Dynamic identifying protein functional modules based on adaptive density modularity in protein-protein interaction networks

Abstract

Background: The identification of protein functional modules would be a great aid in furthering our knowledge of the principles of cellular organization. Most existing algorithms for identifying protein functional modules have a common defect - once a protein node is assigned to a functional module, there is no chance to move the protein to the other functional modules during the follow-up processes, which lead the erroneous partitioning occurred at previous step to accumulate till to the end. Results: In this paper, we design a new algorithm ADM (Adaptive Density Modularity) to detect protein functional modules based on adaptive density modularity. In ADM algorithm, according to the comparison between external closely associated degree and internal closely associated degree, the partitioning of a protein-protein interaction network into functional modules always evolves quickly to increase the density modularity of the network.

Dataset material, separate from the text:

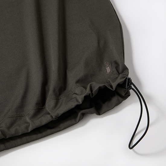 ■定番ロングセラーのギャザーTシャツ(プチリニューアル)・裾部分に生地分量をもたせ、内側にドローコードをつけサイズ調節・立体的なギャザーバルーンシルエット・肩回りの後ろラグラン、袖のテーパード、襟の共生地で、首・肩・袖はスッキリ見えるデザイン・5分袖で二の腕カバー・ジャケットインにも上品な、布帛ブラウス感覚で着用可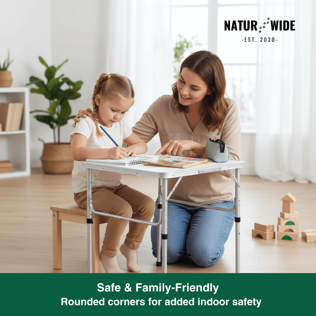 Make your next outdoor adventure more comfortable with our Adjustable Folding Table . This versatile table is the perfect solution for camping trips, backyard BBQs, flea markets, or spontaneous picnics. Thanks to the clever folding design , it transforms in moments from a compact package into a sturdy dining table for up to 4 people (depending on the size selected).

The integration of density modularity into the new algorithm not only overcomes the drawback mentioned above, but also contributes to identifying protein functional modules more effectively. Conclusions: The experimental result reveals that the performance of ADM algorithm is superior to many state-of-the-art protein functional modules detection techniques in aspect of the accuracy of prediction. Moreover, the identified protein functional modules are statistically significant in terms of "Biological Process" annotated in Gene Ontology, which provides substantial support for revealing the principles of cellular organization.